The HDF representative told Energy-Storage.news that rather than with ‘traditional’ renewable energy IPPs, where a developer builds a project and finds a long-term off-taker, instead for this project HDF surveyed the customer’s needs and proposed a solution based on those long-term projections.
The solution, which HDF Energy calls ‘Renewstable’ (‘renewable energy + stability’), will generate a fixed output of 10MW each day from morning until evening, and 3MW in the evenings. With hydrogen fuel cells capable of producing energy steadily 24/7, the majority of dispatchable energy from the system will come from those.
Batteries for power, hydrogen for energy
Meanwhile, the HDF Energy spokesman said, the battery energy storage system (BESS) portion of the facility will be used for applications that require short durations of high power, to smooth the variable output of the solar farm to make it ‘grid-friendly’. It will also be used to provide energy into the evening peak, between 6pm and 8pm each night, when PV production has stopped and demand ramps up for a brief period. The battery and the hydrogen are acting “quite differently” in this case, playing almost separate roles, the spokesman said.

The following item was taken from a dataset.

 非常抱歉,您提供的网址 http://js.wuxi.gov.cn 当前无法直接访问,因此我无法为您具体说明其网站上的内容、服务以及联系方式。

“The main difference between battery and hydrogen is that in a battery you are quite connected between the power and the energy, they are fixed. On the hydrogen side it’s completely disconnected, the power and the energy. To add more energy you just add tanks, to add the volume of hydrogen you are storing. The power side however is fixed,” the HDF representative said.

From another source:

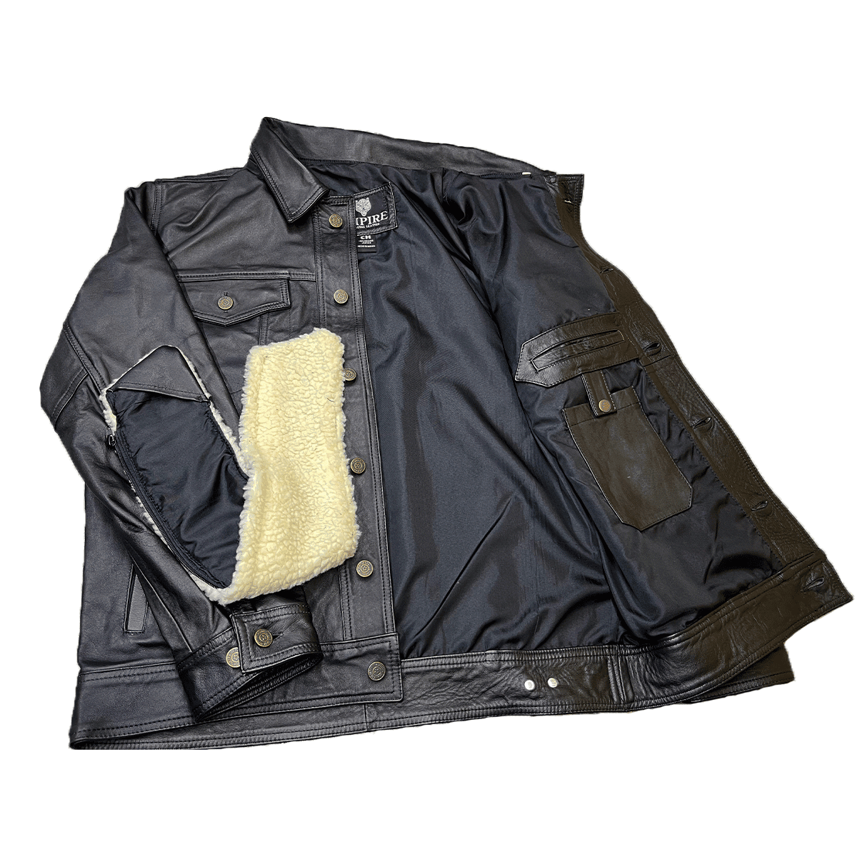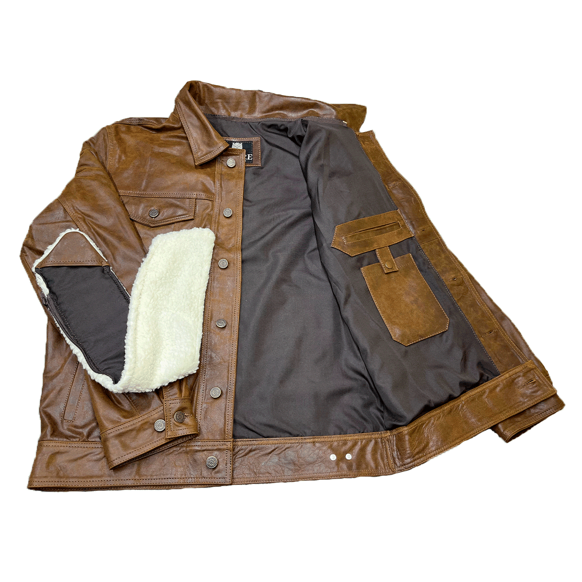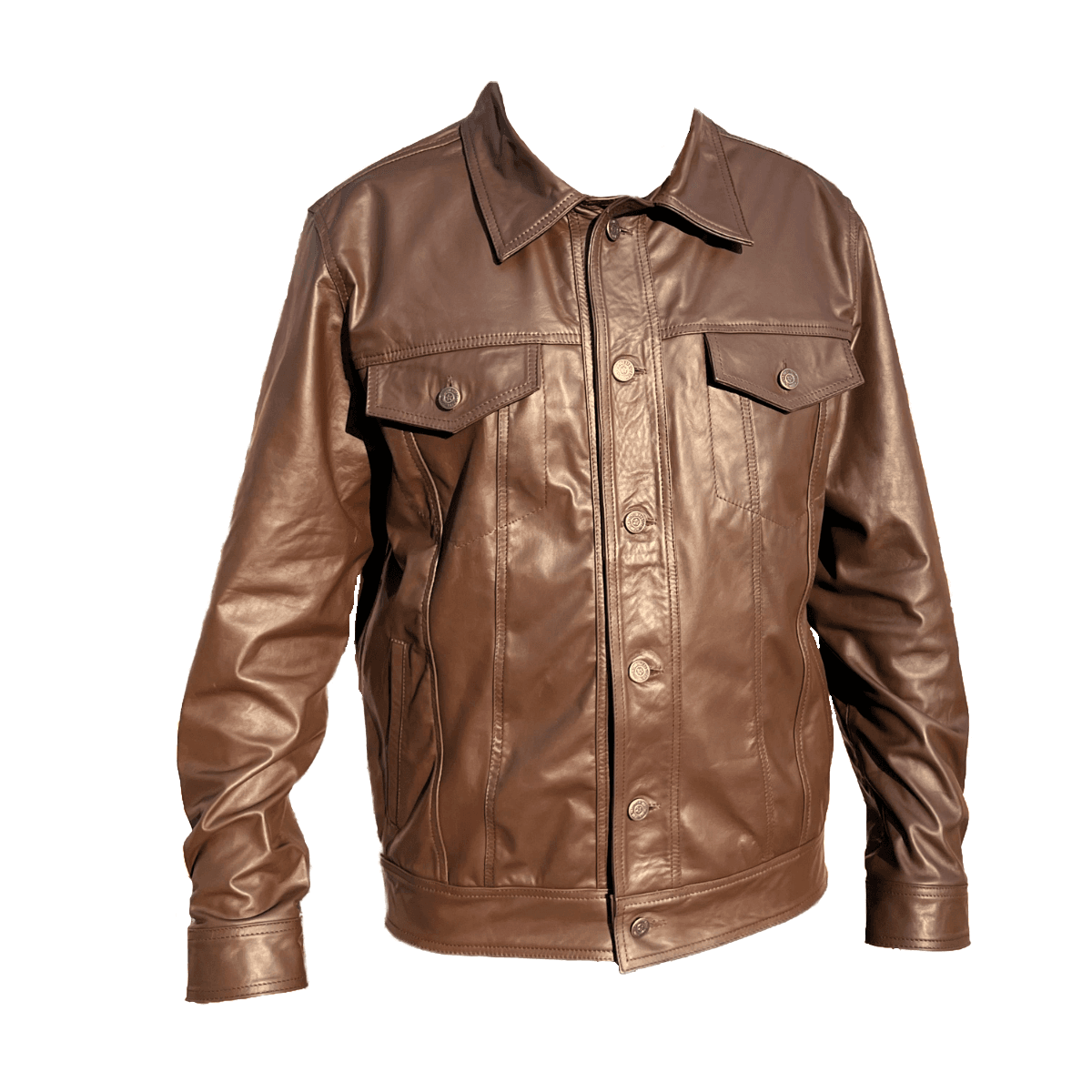 Chamarra Trucker Cuero Vacuno Hombre Empire - Forro Liso Slim Clásica Levis

“Our electrolyser is around 16MWh and 3MW [of] fuel cells on the other side. So we can produce the 3MW continuously for 24 hours a day and when needed we are using the PV plant and battery to enhance that to 10MW.”

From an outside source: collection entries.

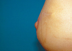 この方法だと、皮弁の中身が伸展された脂肪になるため、支柱が柔らかく、ブラジャーの装着やうつぶせ寝でつぶされると、長期経過で平坦化することがまれではありません。しかし、健側をいじりたくない方にはとても良い方法です。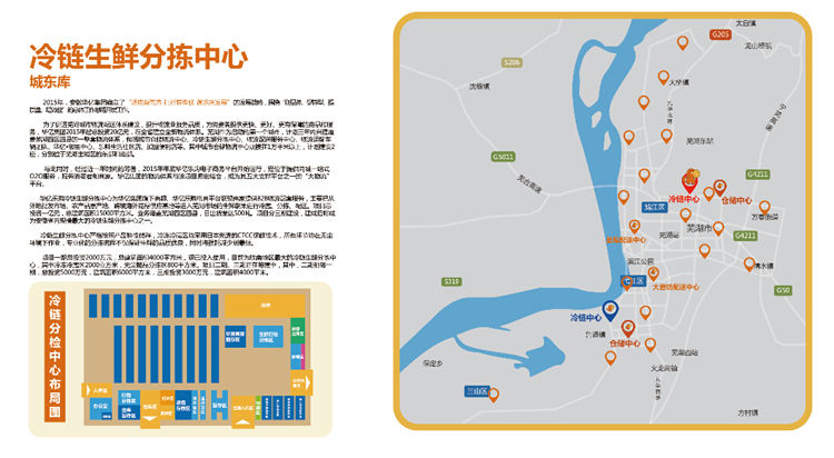 1、華億樂購冷鏈生鮮分揀中心為華億集團集團旗下商超、華億樂購電商平臺聯(lián)盟商家提供B2B物流配套服務,主要把從外地批發(fā)市場、農產品原產地、跨境海外商品供應基地等進入蕪湖市場的生鮮蔬果進行冷藏、分揀、配送。項目總投資一億元,總建筑面積15000平方米。業(yè)務覆蓋蕪湖四區(qū)四縣,日出貨量達500噸。項目分三期建設,建成后將成為安徽省內規(guī)模最大的冷鏈生鮮分揀中心之一。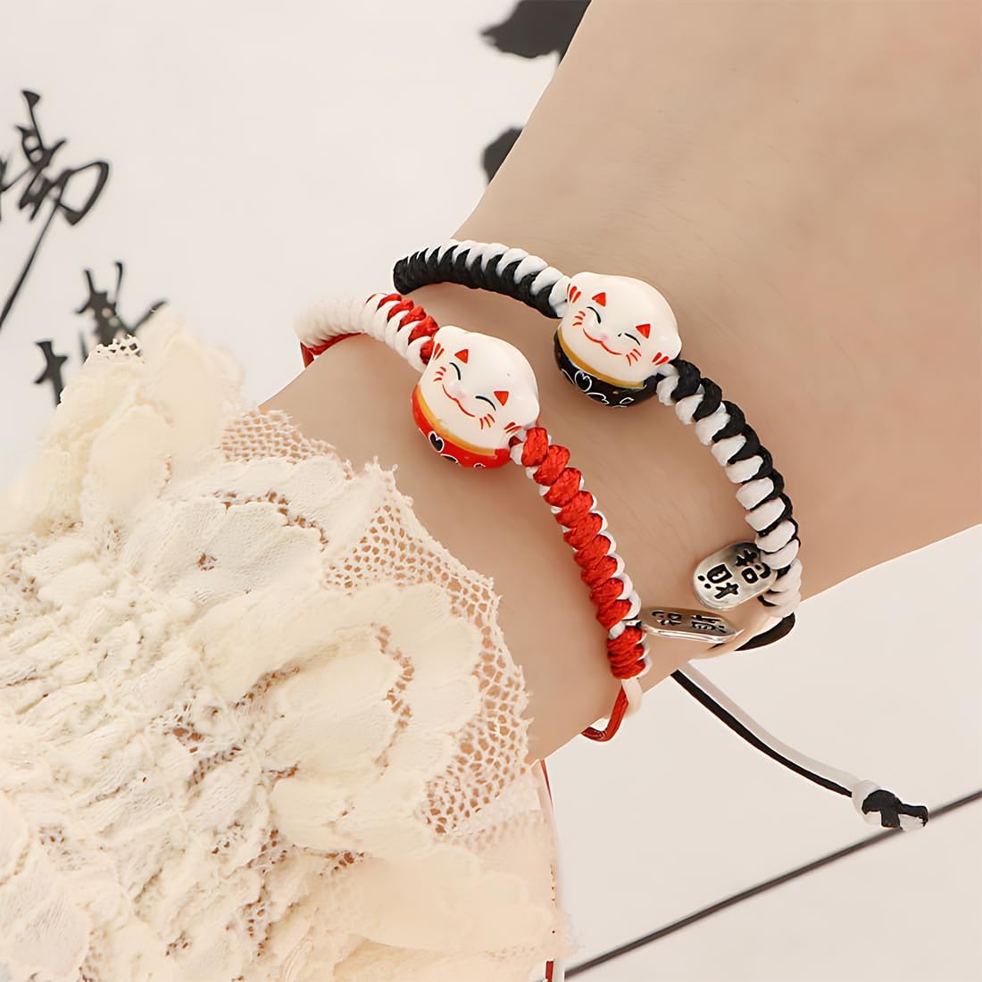 📿【Abbastanza】Una confezione di braccialetti per gatti contiene 6 braccialetti kawaii, inclusi 6 colori diversi come verde, blu e rosa. Quantità e colore sufficienti possono soddisfare le esigenze di utilizzo quotidiano e di sostituzione. 📿【Qualità affidabile】Il braccialetto per gatti giapponese è realizzato principalmente in lega, ceramica e filo di cotone. È leggero, riutilizzabile, non sbiadisce o si rompe facilmente e il materiale è affidabile e può essere utilizzato a lungo. 📿 【Indossabilità regolabile】 Il braccialetto per gatti giapponese può essere regolato in base alle dimensioni della tua mano. Non devi preoccuparti che il braccialetto cada, il che aumenta il comfort e ti offre una buona esperienza d'uso. 📿【Bellissimo Simbolismo】Il nostro braccialetto con ciondolo a forma di gatto ha principalmente l'immagine carina di un gatto con un campanello, noto come mascotte di ricchezza e buona fortuna. Porta felicità e salute nella tua vita ed è un buon accessorio. 📿 【Regalo divertente】 I nostri braccialetti per gatti sono bellissimi e sono adatti da regalare ai tuoi amici, colleghi, genitori o persone a cui tieni come regali per anniversari, San Valentino, compleanni, ecc.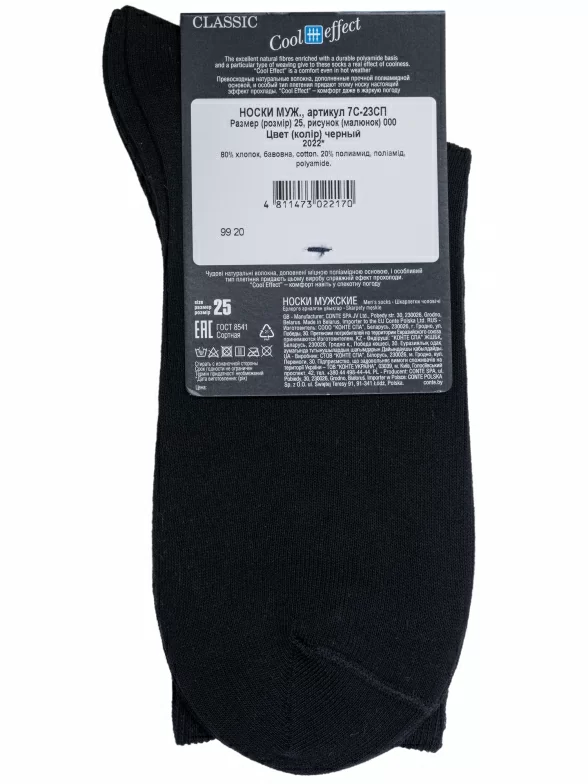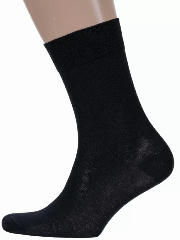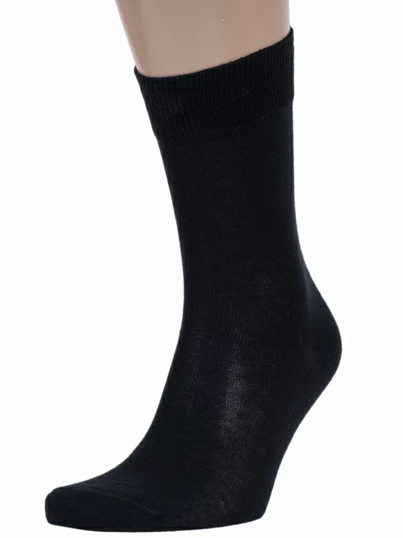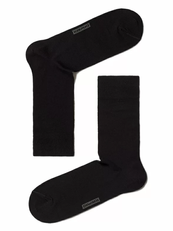 Комплект мужских носков из 3 пар, межсезонные или летние, средней длины, цвет рис. 000, черный, классические, шов кеттельный (бесшовная технология), принт (рисунок): однотонный, без рисунков/узоров, состав: 80% хлопок, 20% полиамид, арт. 3-7С-23СП. Производитель «DiWaRi» Беларусь под брендом «Diwari».

French Western Guiana Power Plant will be connected at an EDF substation in the commune of Saint-Laurent- du-Maroni. HDF Energy claims the power station can act as reliably as “traditional [power] plants”, but without greenhouse gas emissions.
The HDF spokesman said while the batteries in the combination facility could be used to provide ancillary grid services, this was not called for in the business model that the project is being based around.
While France as a nation has put in motion tenders to deploy large amounts of solar-plus-storage on various island territories, this latest project falls outside the scope of those off-grid solicitations. That 20MW deficit of energy on French Guiana needs to be deployed within five years, according to local authorities. The Western Guiana facility’s multi-annual PPA with EDF has been “inked and validated” by the French government, the HDF Energy spokesman said.
Work will begin on the project in the summer of 2019, to be commissioned in Autumn 2020. It will create around 100 jobs during construction and around 30 permanent jobs once it is up and running. HDF said it is working with a global manufacturer to develop next-generation fuel cells which the company said will be assembled in France and has plans for further ‘Renewstable’ projects in 12 more regions.